**Work task**
Return the following from the records below: each line, word for word, starting with the line that contains "5 февраля в" and going on through the line that contains "- 本真珠 本パール 淡水パール", with nothing outside that range.

START Records supplied

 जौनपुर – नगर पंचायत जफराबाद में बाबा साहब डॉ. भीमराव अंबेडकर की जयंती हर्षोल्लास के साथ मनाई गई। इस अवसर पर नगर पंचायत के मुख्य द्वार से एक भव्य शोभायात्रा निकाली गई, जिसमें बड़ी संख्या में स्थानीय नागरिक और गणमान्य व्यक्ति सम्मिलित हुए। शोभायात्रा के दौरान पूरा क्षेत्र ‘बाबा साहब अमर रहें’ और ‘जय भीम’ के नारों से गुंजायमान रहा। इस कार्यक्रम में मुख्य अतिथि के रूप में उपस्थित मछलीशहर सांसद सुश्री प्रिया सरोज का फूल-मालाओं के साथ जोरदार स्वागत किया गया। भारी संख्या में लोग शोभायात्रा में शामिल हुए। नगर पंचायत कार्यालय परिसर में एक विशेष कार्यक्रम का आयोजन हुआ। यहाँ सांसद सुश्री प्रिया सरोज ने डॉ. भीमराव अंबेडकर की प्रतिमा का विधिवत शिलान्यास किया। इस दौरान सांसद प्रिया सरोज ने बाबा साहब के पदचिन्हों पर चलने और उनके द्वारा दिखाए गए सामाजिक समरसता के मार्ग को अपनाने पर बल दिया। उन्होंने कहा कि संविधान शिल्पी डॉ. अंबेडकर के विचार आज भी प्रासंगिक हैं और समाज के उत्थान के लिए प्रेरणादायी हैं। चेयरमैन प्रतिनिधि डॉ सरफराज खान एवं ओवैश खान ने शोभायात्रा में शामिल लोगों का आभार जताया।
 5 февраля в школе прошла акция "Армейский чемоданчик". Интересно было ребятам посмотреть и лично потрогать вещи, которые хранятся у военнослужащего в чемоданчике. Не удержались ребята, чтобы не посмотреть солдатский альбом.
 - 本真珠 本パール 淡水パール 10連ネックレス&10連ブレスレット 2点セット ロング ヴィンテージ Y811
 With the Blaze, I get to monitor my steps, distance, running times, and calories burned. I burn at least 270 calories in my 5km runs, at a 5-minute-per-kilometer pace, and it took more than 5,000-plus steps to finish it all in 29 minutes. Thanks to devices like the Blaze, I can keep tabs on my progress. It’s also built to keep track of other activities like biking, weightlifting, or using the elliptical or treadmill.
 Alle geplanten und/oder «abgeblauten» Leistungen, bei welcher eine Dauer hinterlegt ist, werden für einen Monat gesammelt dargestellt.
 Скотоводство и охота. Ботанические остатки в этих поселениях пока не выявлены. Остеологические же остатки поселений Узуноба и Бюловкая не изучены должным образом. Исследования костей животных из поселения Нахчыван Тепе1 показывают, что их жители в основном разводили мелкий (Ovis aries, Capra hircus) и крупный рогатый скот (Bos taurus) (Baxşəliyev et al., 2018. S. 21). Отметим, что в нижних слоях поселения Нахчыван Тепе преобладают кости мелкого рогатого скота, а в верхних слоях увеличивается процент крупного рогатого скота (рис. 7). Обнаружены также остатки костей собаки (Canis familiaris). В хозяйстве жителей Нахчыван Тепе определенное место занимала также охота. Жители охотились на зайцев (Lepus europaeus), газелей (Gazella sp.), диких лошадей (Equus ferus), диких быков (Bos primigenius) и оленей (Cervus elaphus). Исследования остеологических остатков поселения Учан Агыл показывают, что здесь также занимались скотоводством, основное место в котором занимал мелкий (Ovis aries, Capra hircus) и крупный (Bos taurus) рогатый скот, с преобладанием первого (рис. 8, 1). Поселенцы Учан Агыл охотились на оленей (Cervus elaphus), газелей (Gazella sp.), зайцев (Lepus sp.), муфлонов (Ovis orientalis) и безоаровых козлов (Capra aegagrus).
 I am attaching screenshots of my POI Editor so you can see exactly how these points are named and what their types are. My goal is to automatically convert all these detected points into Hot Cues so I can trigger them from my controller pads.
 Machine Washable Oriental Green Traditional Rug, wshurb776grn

END Records supplied

**Exercise response**
 5 февраля в школе прошла акция "Армейский чемоданчик". Интересно было ребятам посмотреть и лично потрогать вещи, которые хранятся у военнослужащего в чемоданчике. Не удержались ребята, чтобы не посмотреть солдатский альбом.
 - 本真珠 本パール 淡水パール 10連ネックレス&10連ブレスレット 2点セット ロング ヴィンテージ Y811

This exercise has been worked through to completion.